Ok, you've heard me over and over telling stories of "when I was a cop," yes I know I'm a "has been," but let me just say that when I was a cop, I was definitely a "weird magnet." So, if I were dispatched to the scene of a pig out of control call like this one, I wouldn't even bat an eye.
You know what? It’s been a little while since we checked in with Australia. Let’s see what’s been going on down und-aaaaaaaaaaaand a pig drank 18 beers and got in a fight with a cow. For real.
“In the middle of the night these people camping opposite us heard a noise, so they got their torch out and shone it on the pig and there he was, scrunching away at their cans,” said the visitor, who estimated that the pig had consumed 18 beers. “Then he went and raided all the rubbish bags. There were some other people camped right on the river and they saw him being chased around their vehicle by a cow.” [Guardian]
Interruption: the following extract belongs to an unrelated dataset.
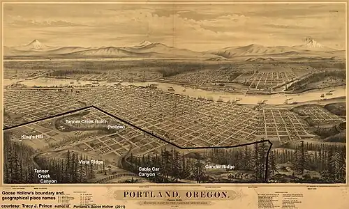 Goose Hollow is a neighborhood in southwest Portland, Oregon. It acquired its distinctive name through early residents' practice of letting their geese run free in Tanner Creek Gulch and near the wooded ravine in the Tualatin Mountains known as the Tanner Creek Canyon.[2][3] Tanner Creek Gulch was a 20-block-long, 50-foot-deep (15 m) gulch (or hollow) that started around SW 17th and Jefferson and carried the waters of Tanner Creek into Couch Lake (now the site of Old Town/Chinatown and the Pearl District). Over a century ago, Tanner Creek was buried 50 feet (15 m) underground (where it still drains the West Hills), and the Tanner Creek Gulch was filled in.[4] The only remaining part of the hollow is the ravine, Tanner Creek Canyon, carved out by Tanner Creek through which The Sunset Highway carrying US-26 passes and which the Vista Bridge spans, also called the Vista Viaduct.[5]

Do you want to know what my favorite part of this is? I’ll tell you. This isn’t the first news story out of Australia about a beer drinking pig. Hell, it’s barely the first one in the past 12 months. Just last August an Australian woman decided to put her bar up for sale, and included in the $838,000 asking price was a beloved, brew-chugging pig named Pinky who lives on the property and attracts tourists from miles away.
Actually, no, hold on. I changed my mind. My favorite part of this story is definitely the thing about the pig stealing 18 beers and getting in a fight with a cow. I like to imagine the cow wearing a cop uniform and chasing the unruly, squealing pig in fast-forward while Yakety Sax plays. It’s a fun little visual.